Как и было сказано мне Григоряном – мы, обе пары исполнителей – прошли на отборочном прослушивании на международный конкурс без малейших проблем. Правда нужно отметить, что вместо Анастасьева заведующим отделом международных конкурсов, а вскоре и директором Госконцерта стал В.А.Бони. С его приходом радикально изменилась вся атмосфера в деле отборов, подготовки и участия молодых исполнителей в международных соревнованиях. Мне казалось, что то ли назначение Бони стало символом перемен, то ли сам Венедикт Александрович создавал эту новую атмосферу (а возможно, что одно дополняло другое), но ситуация действительно разительно отличалась от той, которая была ещё год-два назад.

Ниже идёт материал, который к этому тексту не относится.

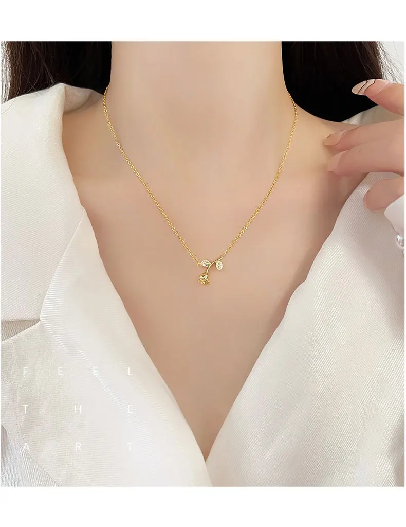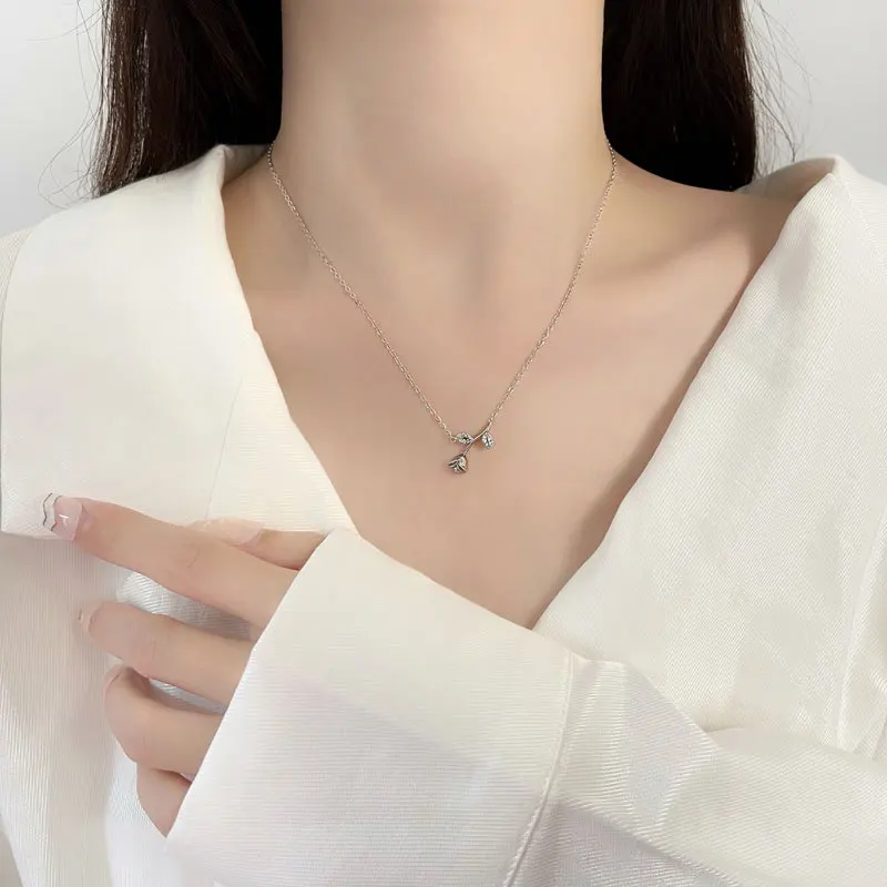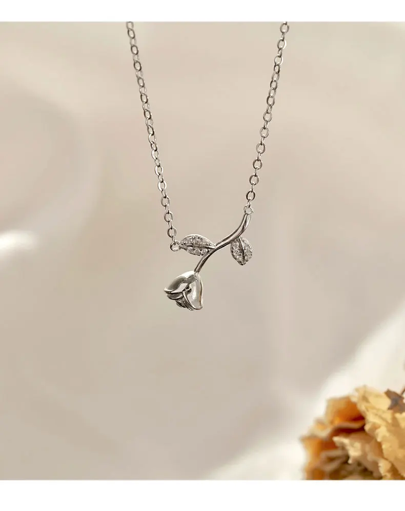 MLKENLY женское ожерелье из искусственной серебристой розы, женская простая циркониевая микро-инкрустированная нежная дизайнерская цепочка до ключиц для женщин

(Перебирая в памяти события тех лет, с грустью видишь, что главное место в нашей жизне и работе занимали международные конкурсы, а не музыка, как таковая. В этом отношении наши молодые американские коллеги, да и музыкальная молодёжь Европы развивались значительно гармоничнее: они играли много камерной музыки, в том числе русской и советской, осваивали квартетный, камерный, симфонический и оперный репертуар, правда, платили [в Америке] огромные деньги за своё образование, но действительно жили в большей гармонии с музыкой, чем мы – счастливцы с бесплатным образованием, превосходными педагогами, но постоянно думавших только об одной цели – участии в международных конкурсах, открывавших иные перспективы в жизни и работе. Если кто-то из нашего поколения будет клясться, что не все так думали и чувствовали, то это могло быть лишь от недостаточных творческих и жизненных амбиций и сниженном честолюбии. В большинстве случаев это было именно так, как описано здесь.)
В начале сентября 1959 года – трудное для меня время, описанное немного ранее, в один из первых дней после начала занятий в Консерватории я шёл по Брюсовскому переулку, в котором так часто случайно встречались студенты-соученики. Шёл я тогда из Консерватории к своему другу Толе Агамирову на Дмитровку, чтобы навестить его и поговорить немного о текущих делах.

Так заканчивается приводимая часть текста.